Interview 101

From the day you stepped on Cornell's campus, you have been building your path to the future. 

Your Cornell education gave you the essential foundations to make the most of your time abroad. And now returning home, study abroad has deepened your academic understanding and helped you gain important life skills—critical thinking, problem solving, and flexibility—that will distinguish you long after your time abroad. 

Nearly every large organization has an international component, and your time abroad will set you apart as an ideal candidate for many of these positions. 

Below are a few findings from research with employers planning to hire recent graduates. 

Soft skills are just as important as hard skills.

Many study abroad graduates are shocked to find just how essential this experience was to their career. 

Much research shows that employers often value "soft skills" in new employees as much or more than technical skills. These soft skills include: 

  • Ability to work in a team 

  • Effective interpersonal communication 

  • Ability to learn new ideas quickly 

  • Ability to embrace differences 

  • Ability to identify, define and solve problems 

Many essential skills can be gained abroad.

A recent study by the Institute of International Education asked over 4,500 returnees what skills were gained from their time abroad. Among the top skills gained were: 

  • Intercultural skills 

  • Flexibility and adaptability 

  • Curiosity 

  • Confidence  

  • Self-awareness 

  • Interpersonal skills  

  • Communication 

Study abroad strengthens your personal brand.

You have a personal brand—whether you are aware of it or not. Your brand is how present yourself to others, giving them an idea of your individual strengths and skills. When cultivated intentionally, your personal brand can be a powerful tool to help you display the value you bring to your peers and colleagues, your community and your future workplace. 

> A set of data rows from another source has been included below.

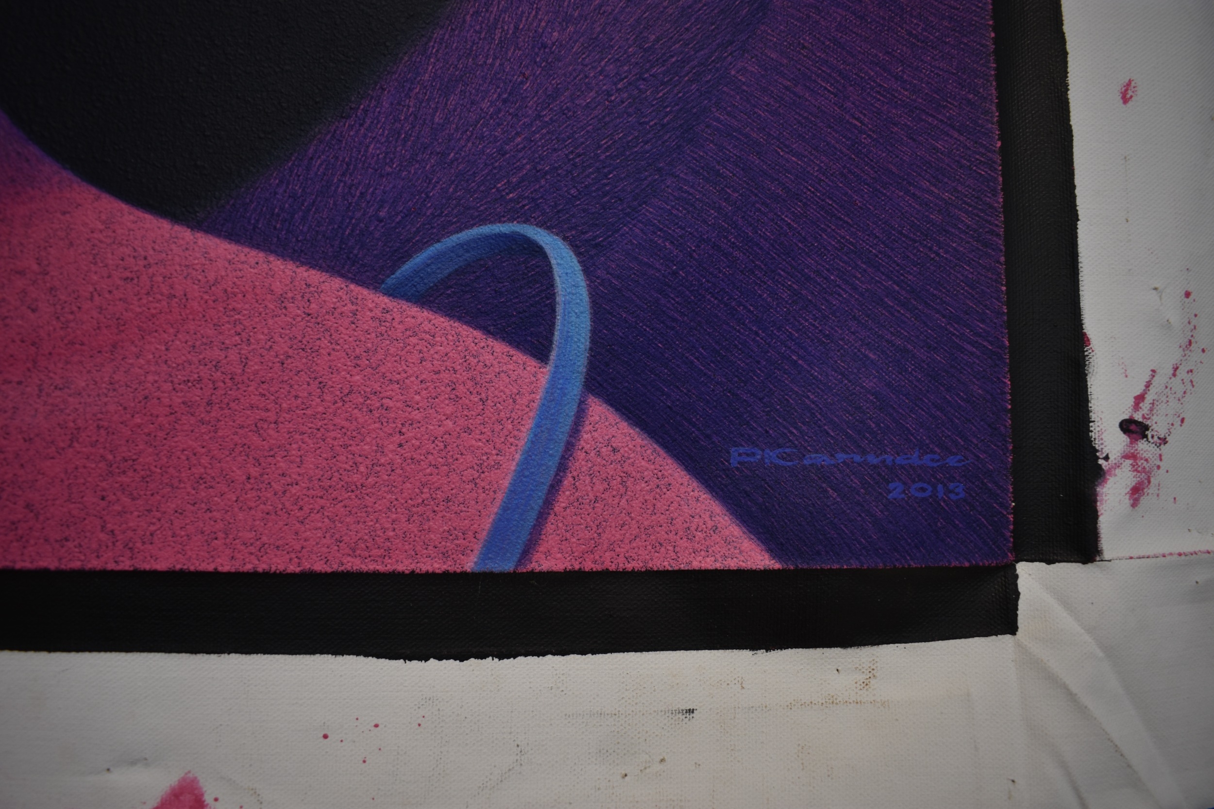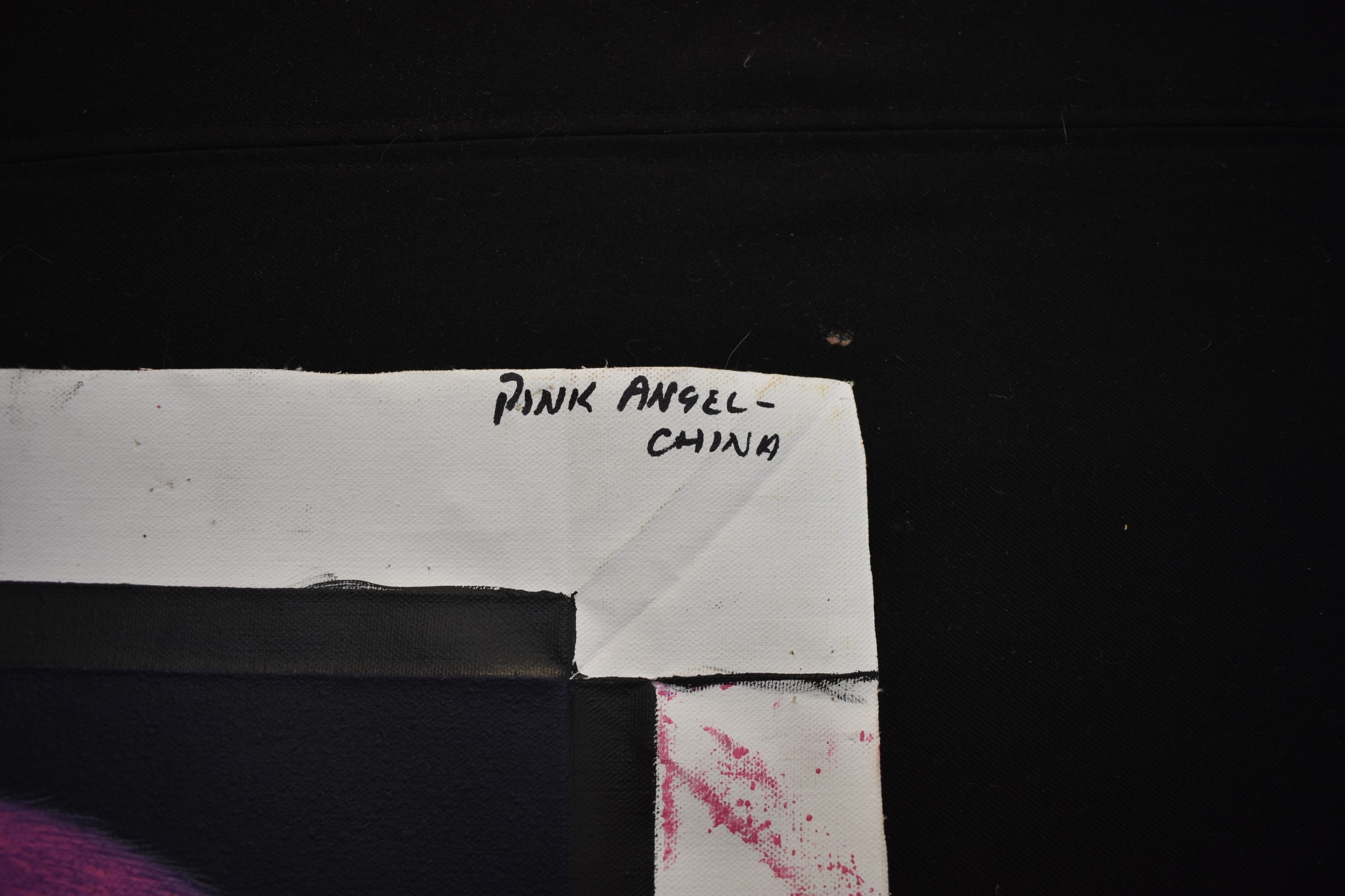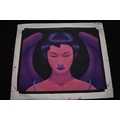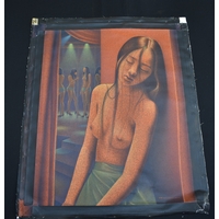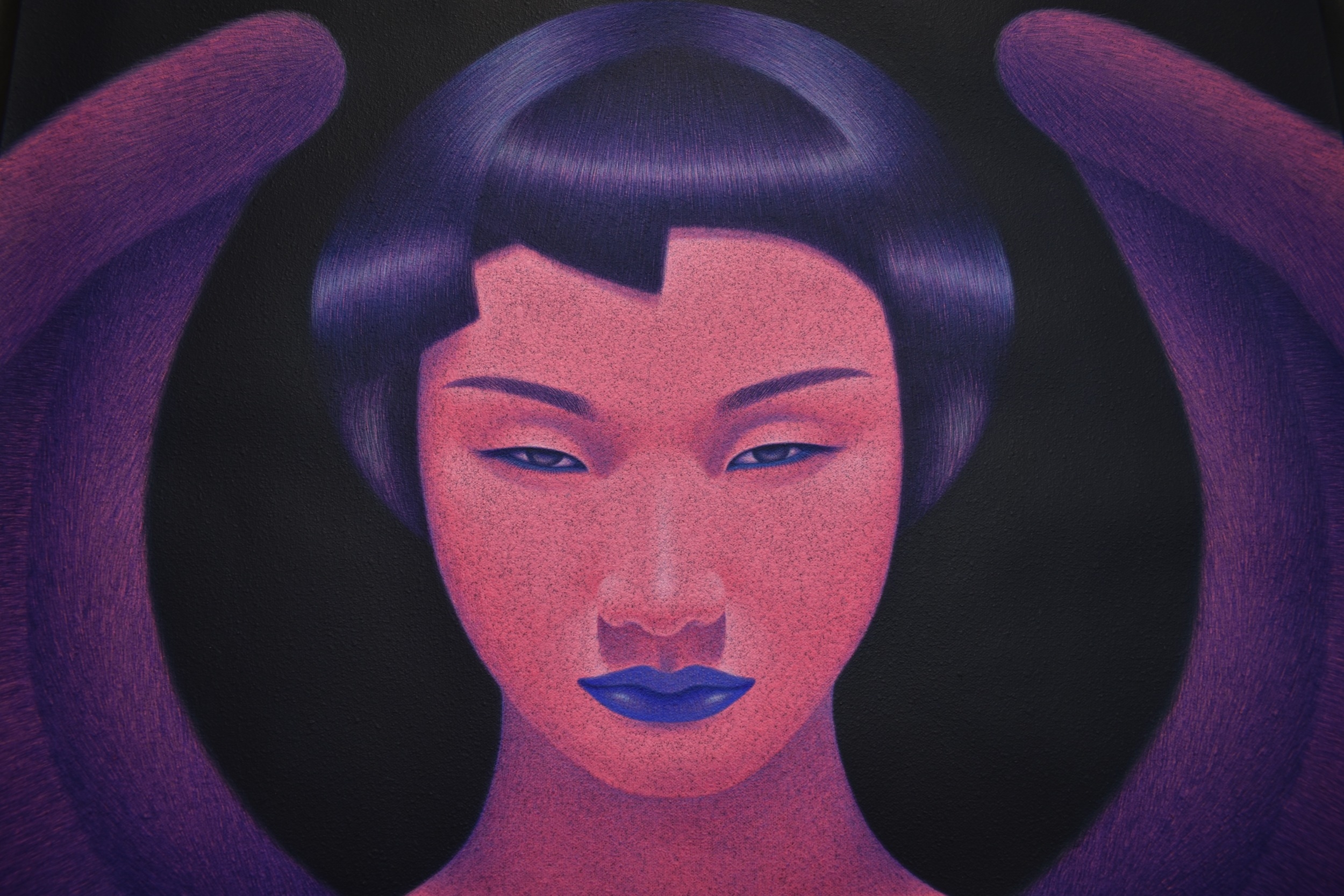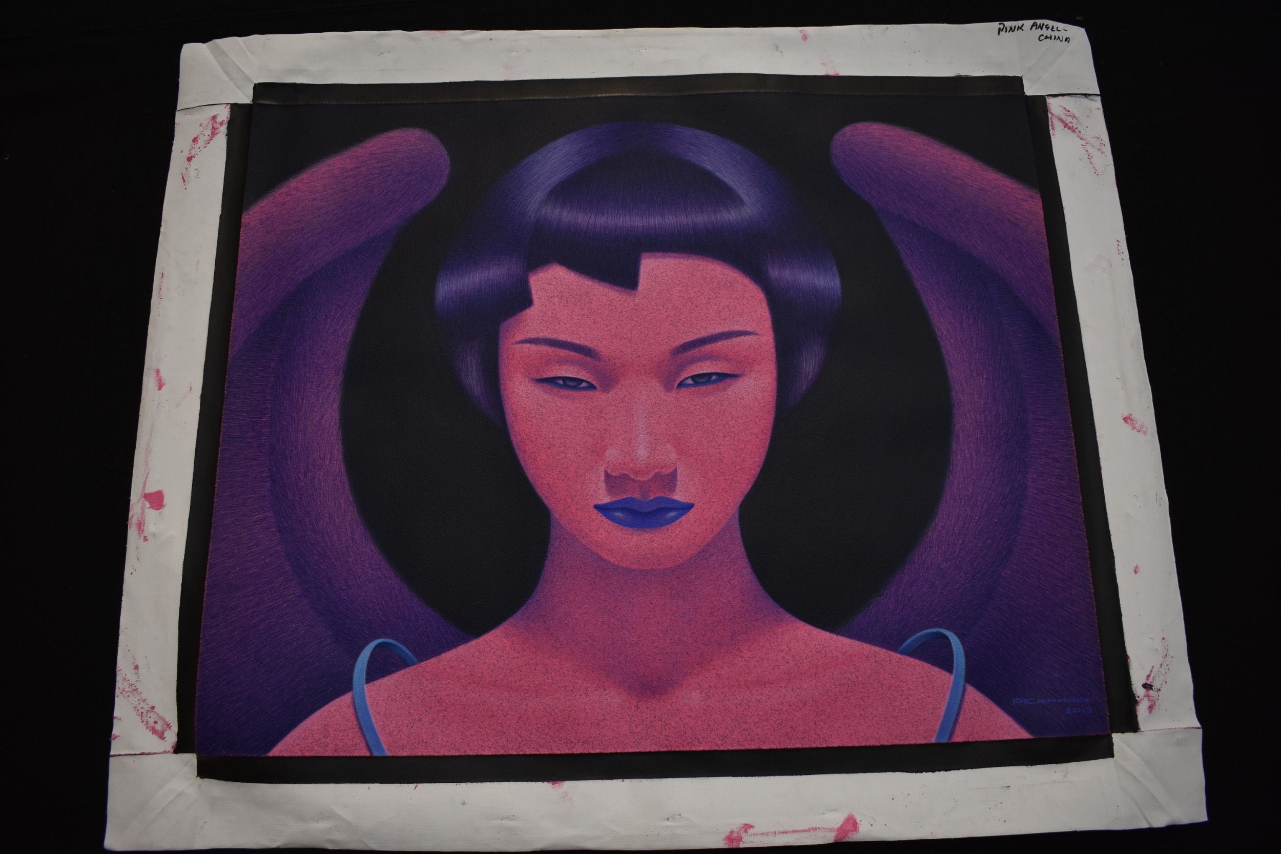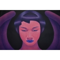 PAIROJ KARNDEE Thai Contemporary Artist: Portrait female in Angel form, titled " Pink Angel China" shoulder & head image with blue lips, pink tonal skin, acrylic on canvas. The artist has been influenced by the mysterious Apsaras - the celestial maidens of ancient Asian culture depicted in the galleries of Cambodia's Angkor Wat. His techniques painstakingly recreate the stone textures of those images with a time-consuming rendering of acrylic on linen canvas. His figures show a notable range of emotions. Signed and dated, 2013, image size 59.5cm x 74.5cm
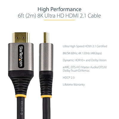 Cable De 2 Metros Hdmi 2.1 8k - Cable Hdmi Certificado De Ultra Alta Velocidad - 48gbps 8k 60hz 4k 120hz Hdr10+ Earc Ultra Hd - Startech.Com Modelo, Hdmm21v2m
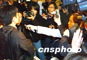 香港藝人梅艷芳因病于十二月三十日凌晨二時五十分在香港病逝,眾多記者來到養(yǎng)和醫(yī)院進行追蹤報導(dǎo)。中新社記者:錢興強
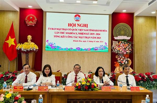 Sáng 11-1, ông Trần Ngọc Thanh - Chủ tịch UBMTTQ Việt Nam tỉnh Khánh Hòa chủ trì hội nghị tổng kết công tác Mặt trận năm 2023. Bà Phạm Thị Xuân Trang - Phó Chủ tịch HĐND tỉnh; ông Đinh Văn Thiệu - Phó Chủ tịch UBND tỉnh đến dự.
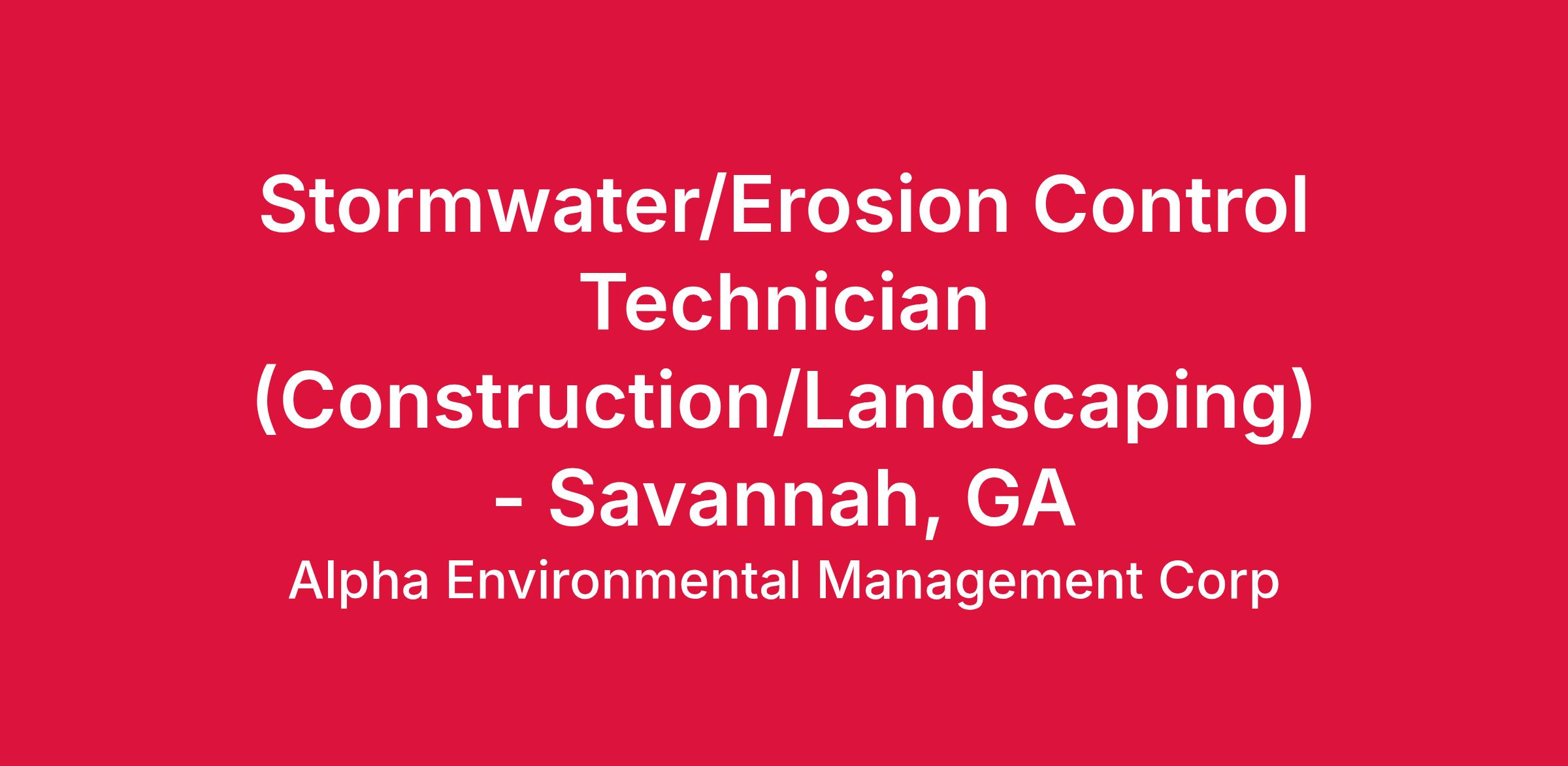 Stormwater/Erosion Control Technician (Construction/Landscaping)
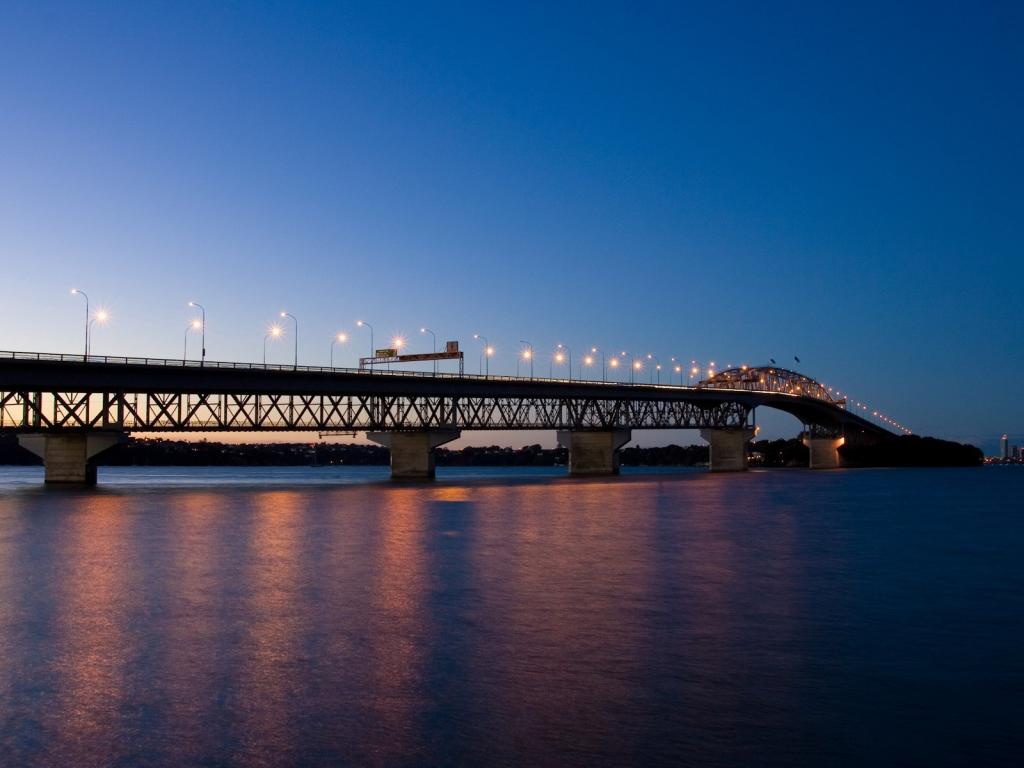 Мост, вечер, огни обои для рабочего стола, картинки, фото, 1024x768. | ||||||||||||||||
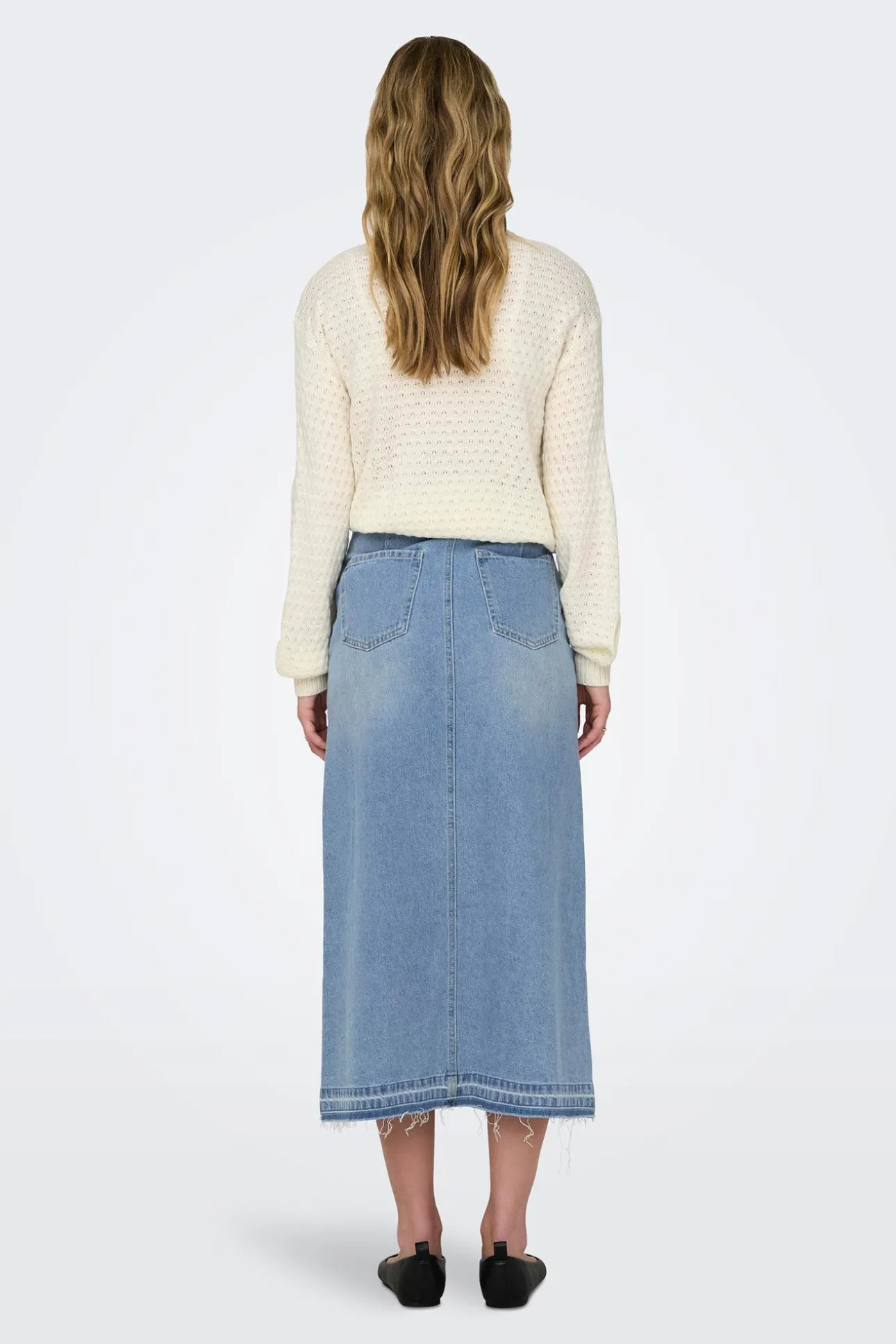 Falda vaquera larga con apertura frontal

Each of you has many amazing stories to tell about your time abroad. These are stories your interviewers and employers want to hear. However, you need to make sure you are telling the correct story. 

An important exercise:
Reflect on your time abroad to talk about it competently.

There are ways to talk effectively about your time abroad, and others that are much less effective. Most employers won't care how many countries you visited. They'll want to know about the skills you gained during your time abroad. 

To help with your reflections: 

  1. Get a pen and paper. 

  1. Write down your experiences as if you’re talking with someone. 

  1. Shift to action verbs (a starting list can be found here). 

  1. Group related ideas to make one final sentence. 


  • lived with a host family 

  • learned about Turkish culture, especially family dynamics 

  • improved my Turkish language skills 

Turns into: 

  • Developed basic Turkish language skills and broadened cultural knowledge by living with Turkish host family for six months. 

Then ask yourself: 

  • What did you learn from a particular challenge abroad? How did this experience, for example, help you develop problem-solving skills? 

  • What interpersonal qualities are the company looking for? What are two or three stories from your time abroad that illustrate that you have these qualities? 

  • Reflect on ways in which you used your strengths abroad to be successful. Share these examples with prospective employers.